I also think your notion of percents addition is confusing. You treat 1 and 1.0 as percentage of the original value, but 1% not as such. If anything, 1% should be treated as percentage.
Generally less code, less logical branches, less rules to remember => the better.
I wonder if step without by on anything other than integers is even a real use case or a product of our imagination...
Thanks for the wiki link. I'm OK with this being interpreted right now./
On percents, scaling and math will always present cases where we have to stop and think about how it's working. My bias is explained in the big comment in the middle of the func for this context. :^) So we have to decide what to do with non-percents. But percents should be easy, right?
>> 1% + 0.125%
== 1.125%
>> p: 1%
== 1%
>> step/by 'p 0.125%
== 1.00125%
>> p: 1%
== 1%
>> step/by 'p 0.125
== 1.125%
>> 1% + 0.125
== 13.5%
IMO that won't make sense to anyone, or lead to correct use of percents and non-percents.
I wonder if step without by on anything other than integers is even a real use case or a product of our imagination...

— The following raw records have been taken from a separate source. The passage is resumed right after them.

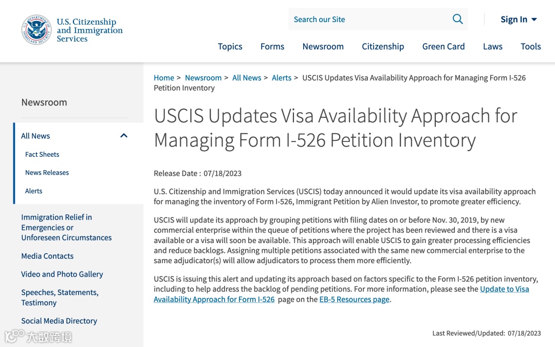 就在7月18日,美国移民局(USCIS)发布公告,宣布将更新EB-5投资移民的申请审理方法,即:EB-5申请表I-526(外国投资者移民申请表)的审批流程。
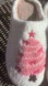 Soft white slippers featuring a pink tree design. Perfect for comfort and style.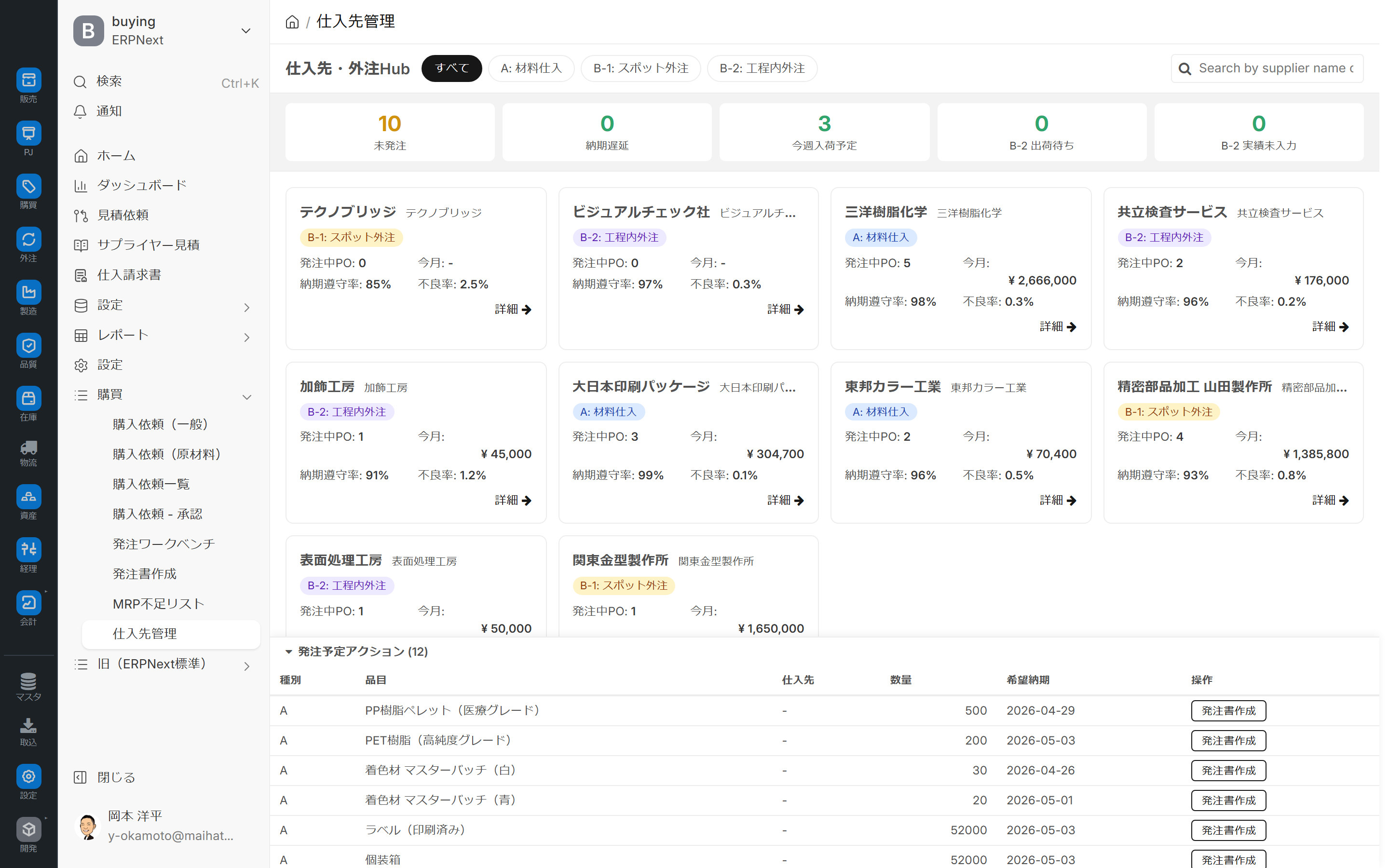 仕入先管理(Supplier Hub)は、取引中のすべての仕入先を 1 画面でカード形式に俯瞰し、納期遵守率・不良率・直近の入荷予定・発注予定アクションを把握 するための画面です。仕入先ごとのパフォーマンス比較や、外注運用の優先度判断に活用します。

Integers are by far the most common case, and why I had a short-circuit check in an old version. I'm happy to start with the subset of [integer! percent! time!], because I've used all of those myself in the past. then see if people ask for others. I want to say I also used money! but am much less certain about that. More likely that it stepped through an array of money values, so series use covers that. So we can narrow the use cases, but that won't reduce the code in this case.

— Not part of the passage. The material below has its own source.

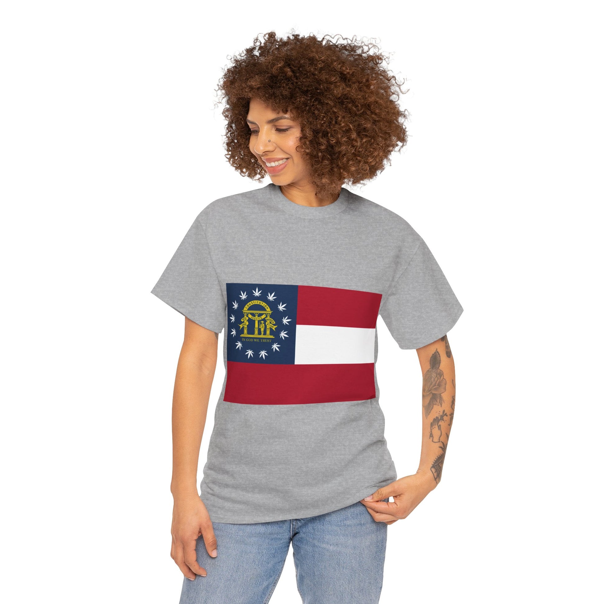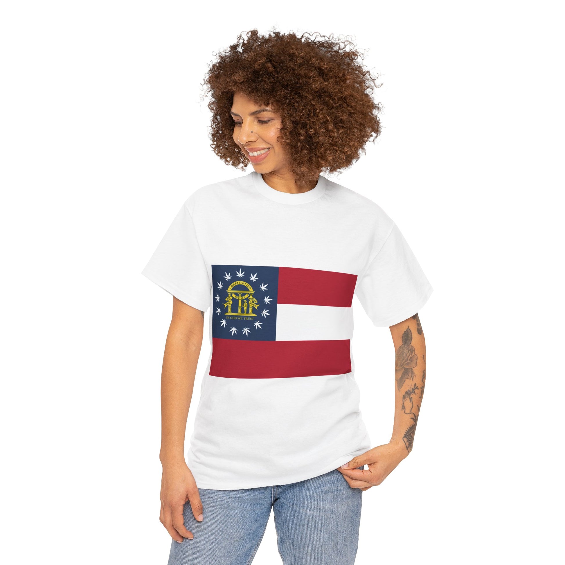 Show your state pride with this Georgia cannabis state flag Tee. Made with high-quality, smooth fabric perfect for printing, this unisex Tee is comfortable and stylish. Perfect for adults looking to add a touch of uniqueness to their wardrobe, this Tee is ideal for casual wear or as a statement piece for special occasions. Great for celebrating state holidays or showing support for cannabis legalization.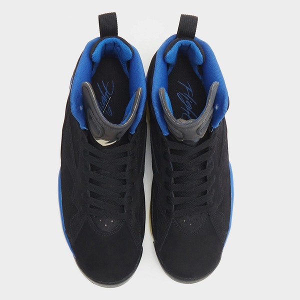 Obwohl die Silhouette von weitem einem Air Jordan 6 ähnelt, ist sie tatsächlich stark vom Air Jordan 7 und 8 inspiriert: Der Mittelfuß und die Zehenbox des AJ7 sind auf der Außenseite des Schuhs zu sehen, während ein mehrfarbiges Muster des AJ8 an der Ferse über der Air-Einheit zu sehen ist. Außerdem ist ein Muster des AJ7 unter der schwarzen, durchsichtigen Zunge zu sehen, und NIKE AIR an der Ferse rundet das MJ-geprüfte Design ab. Für jeden echten Fan von „His Airness“ bietet der Jordan MVP „Black Royal“ alle seine größten Designs in einem modernen Sneaker.

Or we can cut it down to only integers, put it to use, and go from there. I probably won't be writing amortization schedules or camera controllers anytime soon. :^)

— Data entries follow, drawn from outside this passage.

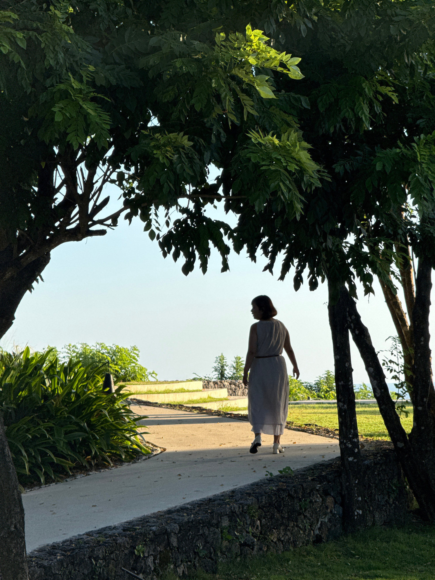 A woman in a light-colored dress is walking along a paved path in a garden in Kuta Selatan, Indonesia. The path is lined on one side by a low stone wall, and on the other side by a manicured garden wi…read more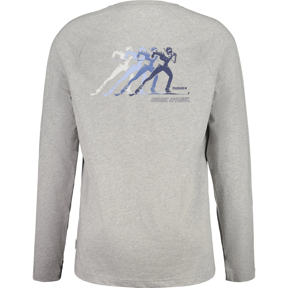 Long-sleeved shirt made of organic cotton with modern design: raglan sleeves and set ribbed cuffs and collar. Large cross-country print on the back, Maloja patch on the chest.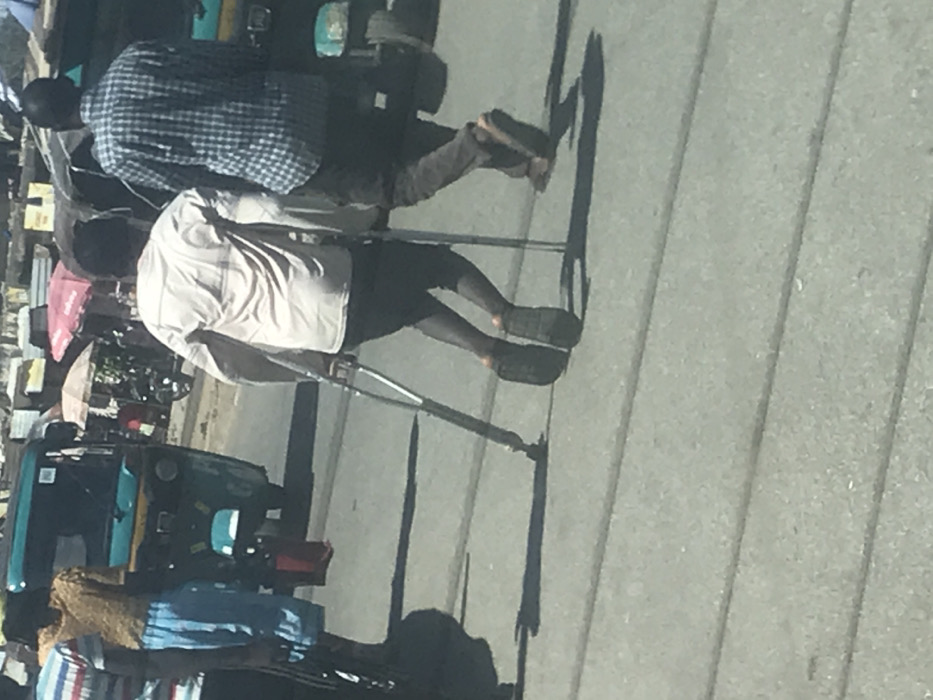 A man with crutches walks on a sunlit road, his shadow visible on the pavement. He wears a light-colored shirt and dark shorts. Another man wearing a plaid shirt walks ahead. Auto rickshaws and a few other people are visible in the background, along with market umbrellas. The view is from an elevated perspective, and the image is rotated.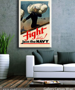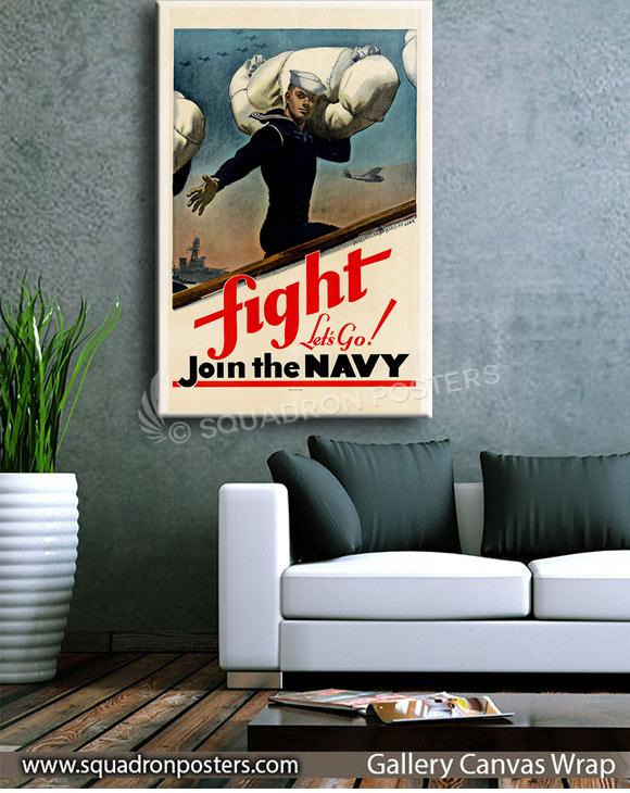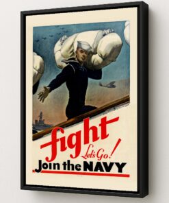 Fight! Let’s Go Join the Navy Historic Art is inspired by classic U.S. Navy recruitment posters that captured the urgency, energy, and fighting spirit of sailors during times of war. The bold call to action reflects the Navy’s readiness to engage, defend, and project power at sea, emphasizing decisive action, teamwork, and national service. Rendered in a vintage poster style, this artwork honors the sailors who answered the call when it mattered most and celebrates the enduring legacy of American naval strength and determination.

We can then also remove vector! binary! image!, right, or change to any-block!?
OTOH, for a few extra lines of code we have a really general func that is easy to reason about and may be used creatively and effectively in the wild.
IMO that won't make sense to anyone, or lead to correct use of percents and non-percents.
That's why I don't like special handling of percents.
I'm happy to start with the subset of [integer! percent! time!], because I've used all of those myself in the past. then see if people ask for others.
Wasn't my point. My point is, perhaps for everything other than integers we may require /by, and that would also free us from imagined problems like how should percents be summed.
perhaps for everything other than integers we may require /by
view [progress 0% rate 0:0:0.1 on-time [step 'face/data]]
Now you will argue that it should still use /by because that scenario is always calculated based on something. Which just points out that /by is useful, here or somewhere else. Step is the domain of incrementing/increasing and the opposite, so it's a good place for it. But let's extrapolate further. We've talked about quantity! as a possible datatype. Could it possibly be useful there? e.g., in the U.S. if you have a measurement in feet, but you want to step it inch by inch. Should it be dialected, like my idea for split, or is it constrained enough that a couple refinements will do better? I can't say. But I do feel comfortable saying that it's another tool for thinking, if we want it to be.
I'm also looking at this with range and loop/repeat in mind.
I have replied to the Element channel, so for the record:
- I don't need nor like
/down, for me, negative value usage is more useful, transparent - For code like
n: n + 1the most boring part is to initialise the value most often to zero. And you have to do it outside of the loop, e.g.n: 0 loop 10 [n: n + 1 print ["Something" n]]. I wantstepto take care for that, or having somedefaultmechanism in the language.
Since we're on our own, will you agree on this implementation? I added increments of series items and removed error checks because it's not a routine and they're costly.